■ REQUIRED ACTION ■
Please produce a character-exact copy of the listing that follows, omitting all images.

■ PROVIDED MATERIAL ■
===============

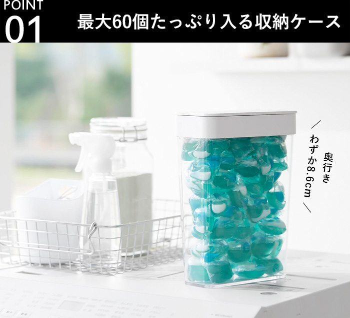 洗濯洗剤ボールがたっぷり入る、大容量&スリムな収納ケース。
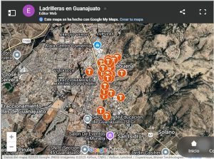 Refiere que al indagar un poco en el asunto “me encontré con artículos científicos que demuestran la presencia de aire contaminado generado por la actividad de hornos que fabrican ladrillos, los cuales se localizan en la comunidad Yerbabuena”. En la primera imagen se muestra la localización de las ladrilleras que actualmente y desde hace varios años operan en la zona.
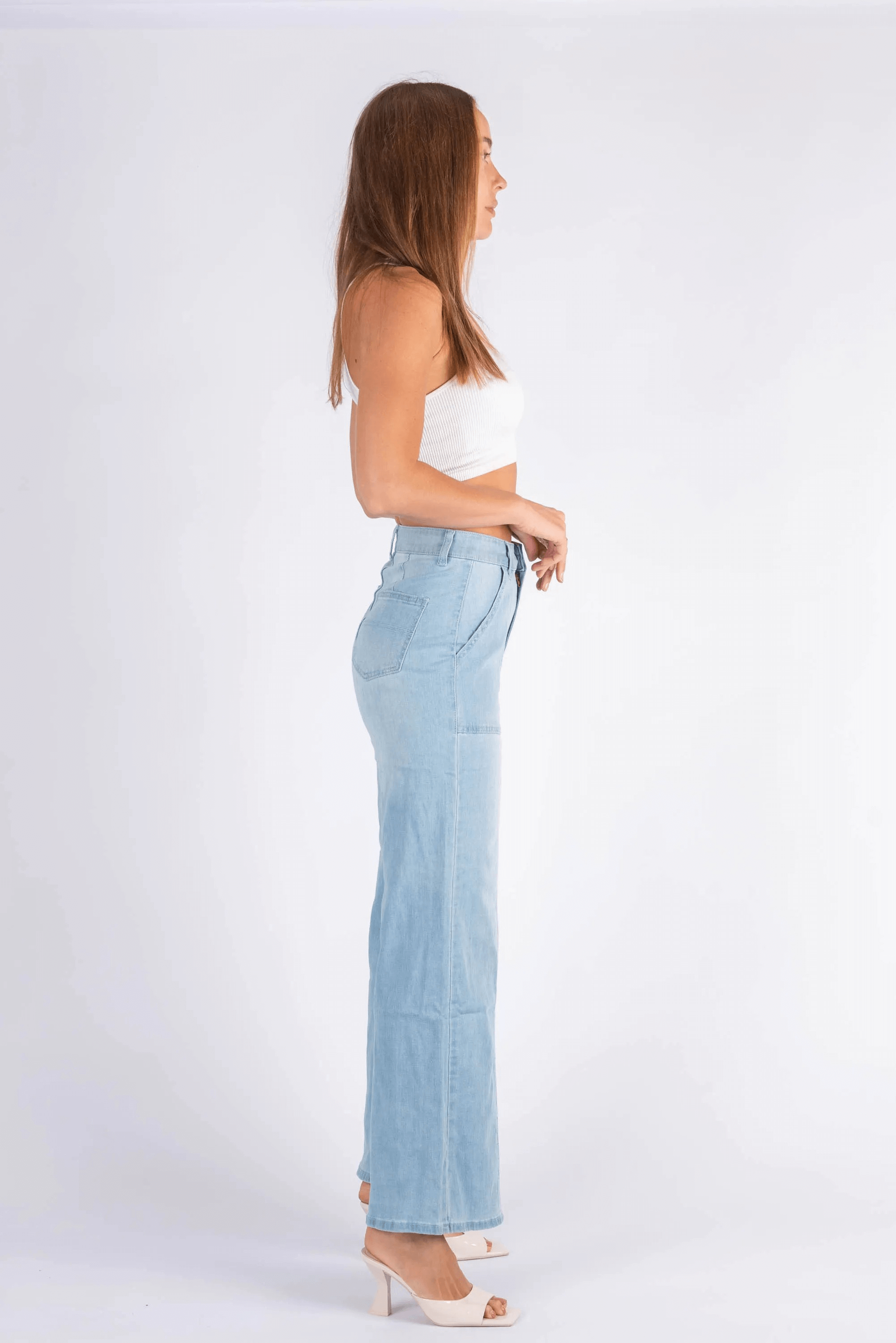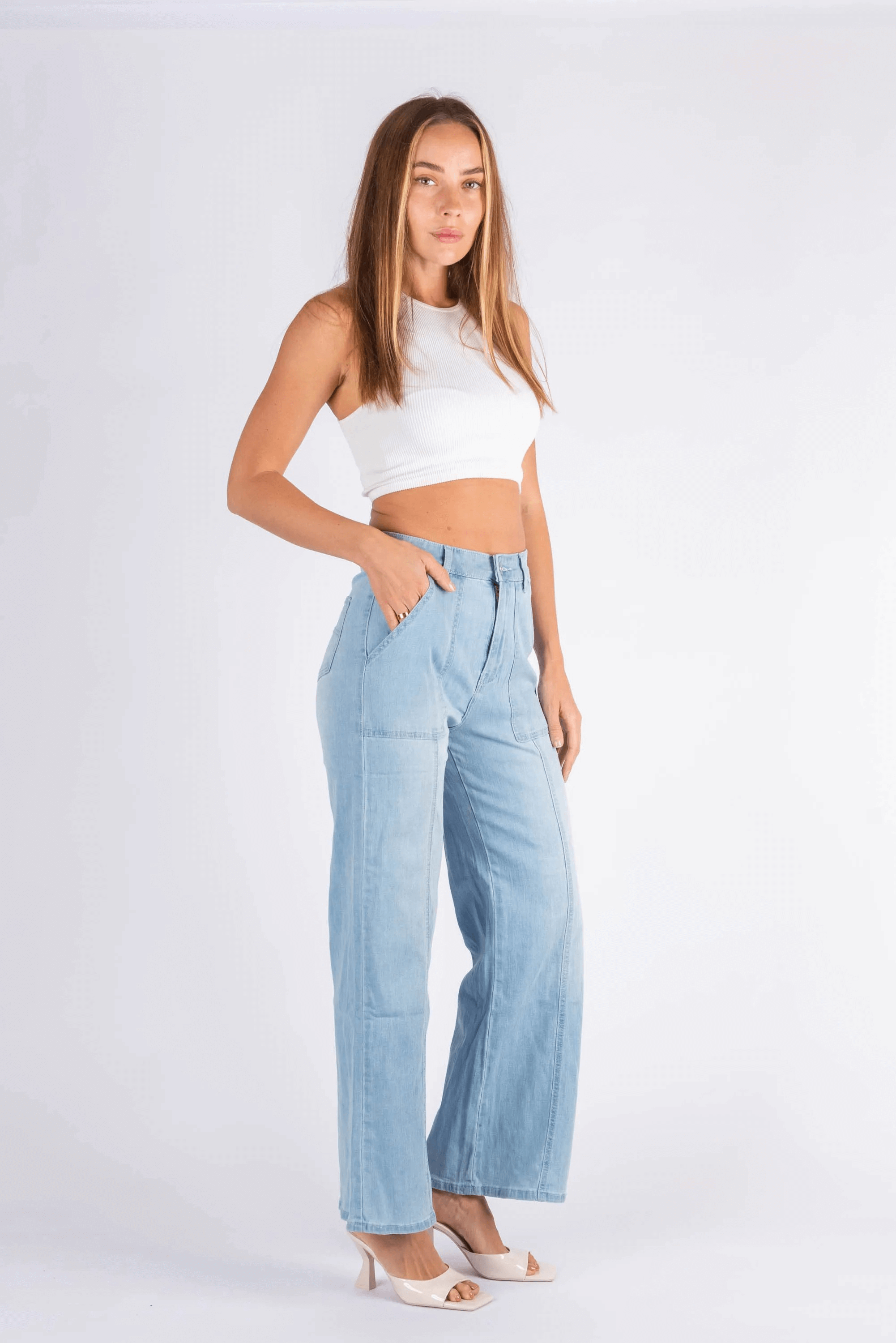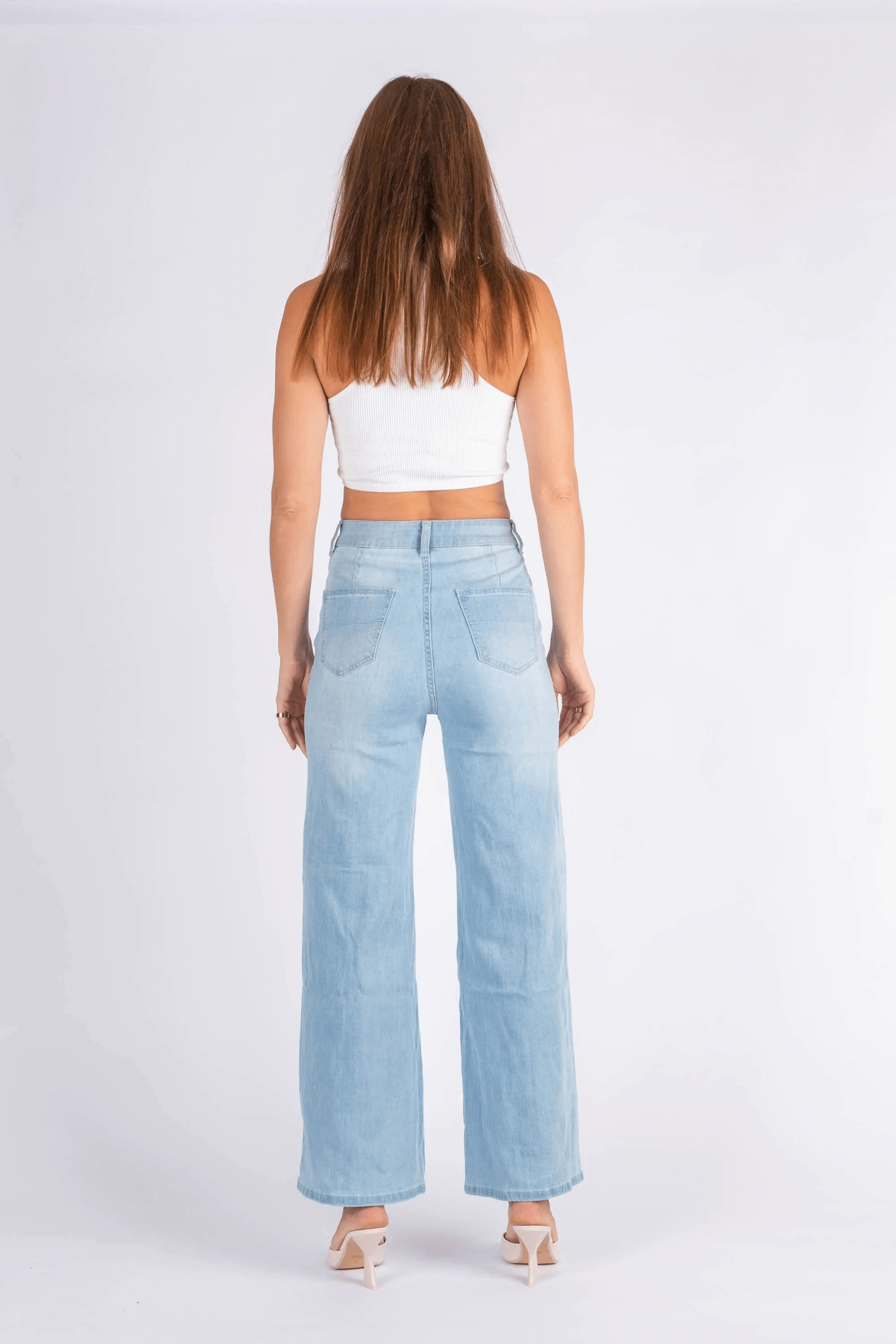 Featuring a high rise fit and wide leg style, these light blue beauties hug your curves while keeping you comfortable all day. With a design that screams cool, you'll never want to take them off! (Only available in denim, not made of clouds)

===============

■ EXERCISE SOLUTION ■
 洗濯洗剤ボールがたっぷり入る、大容量&スリムな収納ケース。
 Refiere que al indagar un poco en el asunto “me encontré con artículos científicos que demuestran la presencia de aire contaminado generado por la actividad de hornos que fabrican ladrillos, los cuales se localizan en la comunidad Yerbabuena”. En la primera imagen se muestra la localización de las ladrilleras que actualmente y desde hace varios años operan en la zona.
 Featuring a high rise fit and wide leg style, these light blue beauties hug your curves while keeping you comfortable all day. With a design that screams cool, you'll never want to take them off! (Only available in denim, not made of clouds)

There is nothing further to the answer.